Today, we shall talk about the modelling of nice, civilized tanks - the kind of which makes it possible to have a nice warm bath every evening (boilers). The other kind of tanks might creep in here in the future, so keep your eyes open.

The problem

The task for today is to model the dynamic behaviour of a boiler of sorts (see Fig. 1). The tank has two inlets controlled by valves Z1 and Z2, through which the fluid (let’s say it’s water) of two different temperatures flows in. The valve Z3 controls the outlet. The fluid is heated with an electric heater. We shall find the system of differential equations that describes the evolution of water level h(t) and the temperature T(t) inside the tank.

We make several assumptions. First, that the tank is perfectly isolated. That is, no heat loss to the outside occurs, and no matter how long we wait, the water is not going to get any colder just by itself.

We also assume that the two incoming streams of water mix instantaneously and perfectly, so that the temperature of the fluid inside the tank is uniform. Similarly, the heat from the heater propagates instantaneously and uniformly across the tank. (And did I forget anything?)

Fig. 1. Model of a tank with two inlets, an outlet and a heater (courtesy of prof. Zbigniew Kulesza).

Parameters

What parameters are known?
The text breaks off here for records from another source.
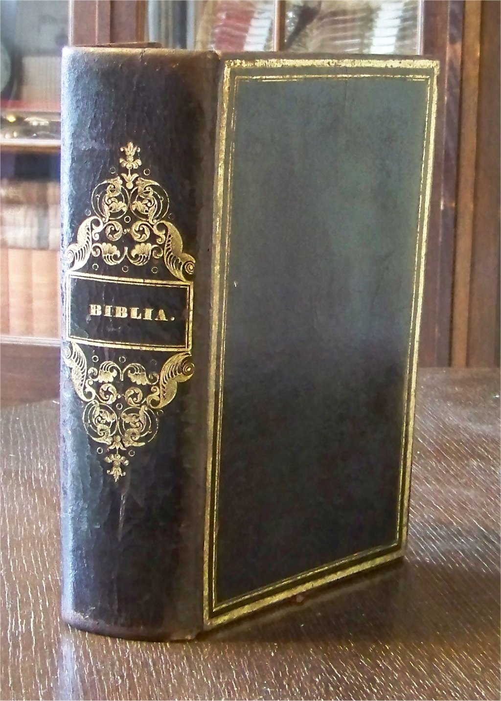 Luther, Dr Martin. Haus- und Familienbibel oder die ganze heilige Schrift des alten und neuen Testaments nach der deutschen Übersetztung D. Martin Luthers. Wohlfeilste Prachtausgabe . Hildburghausen u. New-York, Bibliographisches Institut, 1831 - 1833. 4°. Mit 24 Kupfern auf Taf.. Titel, 2 Bl. 1727 Spalten, 496 Spalten, 1 Bl.. Ldr d. Z. mit schmuckvoller Rvg. u. umlaufendem Grünschnitt. Der Ledereinband ist leicht berieben, am hinteren Buchdeckel, im unteren Bereich einige Wurmlöcher. Innen papierbedingt leicht gebräunt und fleckig. Gesamt ein schönes Exemplar. . Bestell-Nr: 3-0-4..........verkauft | ![]() | |
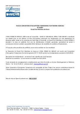 Avis de convention doccupation temporaire d'un terrain agricole - N°19/059
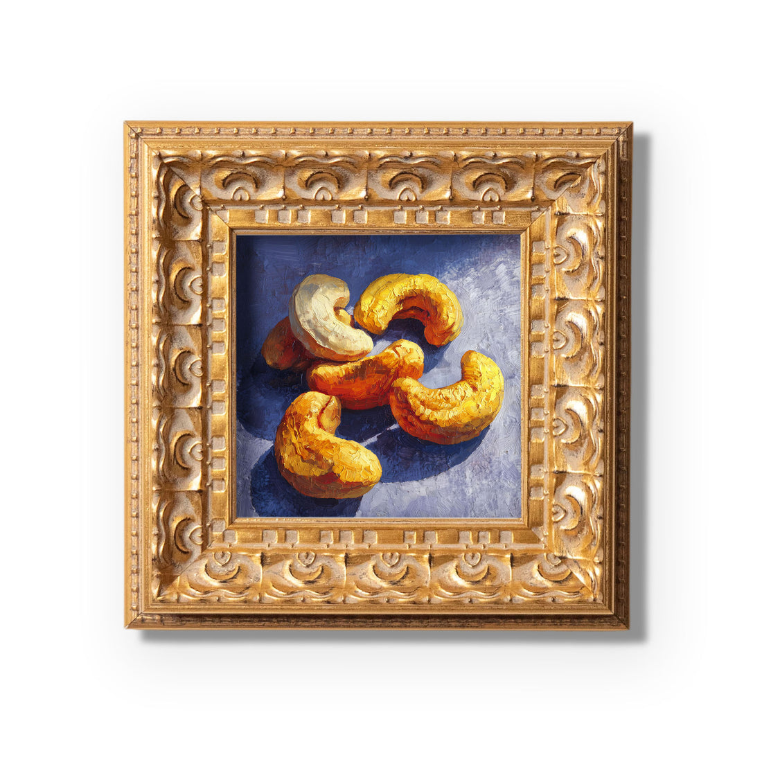 Still life Cashews Oil Painting, Small Original Hand Painted Art, Dining Room Wall Art Decor, Gift for Friends, 5X5 Gold Framed Artwork
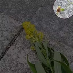 总状花序腋生,具长梗;花2-6朵聚生于花序的顶端,花梗间常有肉质密腺;花萼浅绿色,钟状,长6-10毫米,裂齿披针形;花冠黄白色而略带青紫,长约2厘米,各瓣均具瓣柄,旗瓣扁圆形,宽约2厘米,顶端微凹,基部稍有耳,翼瓣略呈三角形,龙骨瓣稍弯;子房线形,被毛。
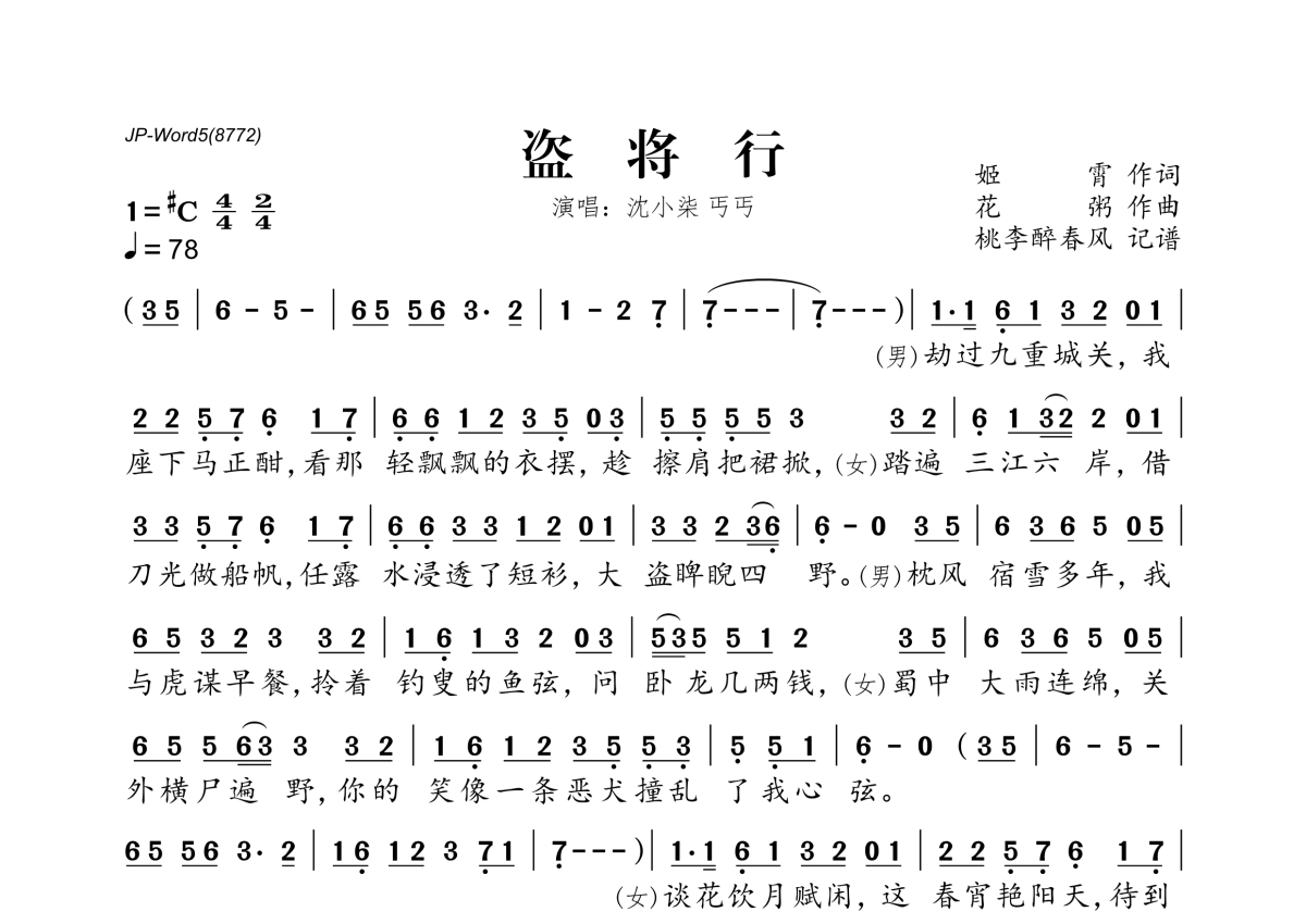 沈小柒&丐丐《盗将行》简谱
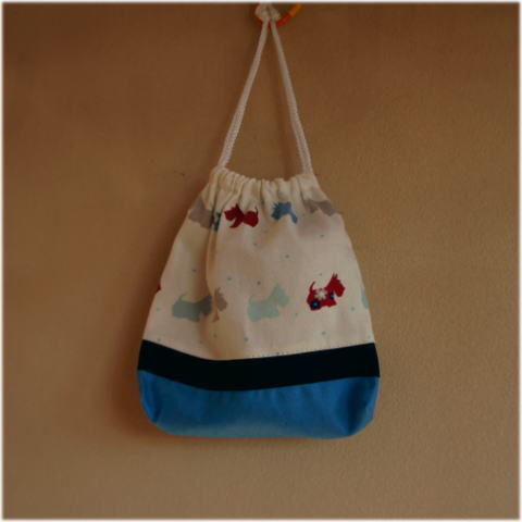 - 【入学、入園!】550円ワンワンシルエットパッチワーク巾着袋 【手作り小物】

Let us assume the following information is available:

parameter	description
$D$	tank diameter (in $m$ )
$h_{max}$	top level of the fluid (in $m$ )
$\rho$	fluid density (in $kg/m^3$ )
$C_p$	heat capacity of the fluid (in $\frac{J}{kg \: \cdot \: K}$ )
$T_{max}$	maximum temperature of the fluid (in $K$ )
$p_1$	pressure at the inlet #1 (in $Pa$ )
$\mu_1$	valve #1 flow coefficient (dimensionless)
$k_1$	valve #1 actuator input to opening area coefficient (in $m^2/m$ )
$T_1$	temperature at the inlet #1 (in $^\circ C$ )
$p_2$	pressure at the inlet #2 (in $Pa$ )
$\mu_2$	valve #2 flow coefficient (dimensionless)
$k_2$	valve #2 actuator input to opening area coefficient (in $m^2/m$ )
$T_2$	temperature at the inlet #2 (in $^\circ C$ )
$\mu_3$	valve #3 flow coefficient (dimensionless)
$k_3$	valve #3 actuator input to opening area coefficient (in $m^2/m$ )
$U$	voltage at the heater (in $V$ )
$R$	resistance of the heater (in $\Omega$ )
$p_a$	atmospheric pressure (in $Pa$ )
$g$	gravitational acceleration (in $m/s^2$ )

Balance equations

We start with the balance equations, the general form of which is:

Input - Output = Accumulation

In our tank we accumulate two quantities: mass and the heat. Therefore it would be convenient to treat the tank as two separate accumulators, one for each of the quantities. Of course, the behaviour of those will be definitely entangled.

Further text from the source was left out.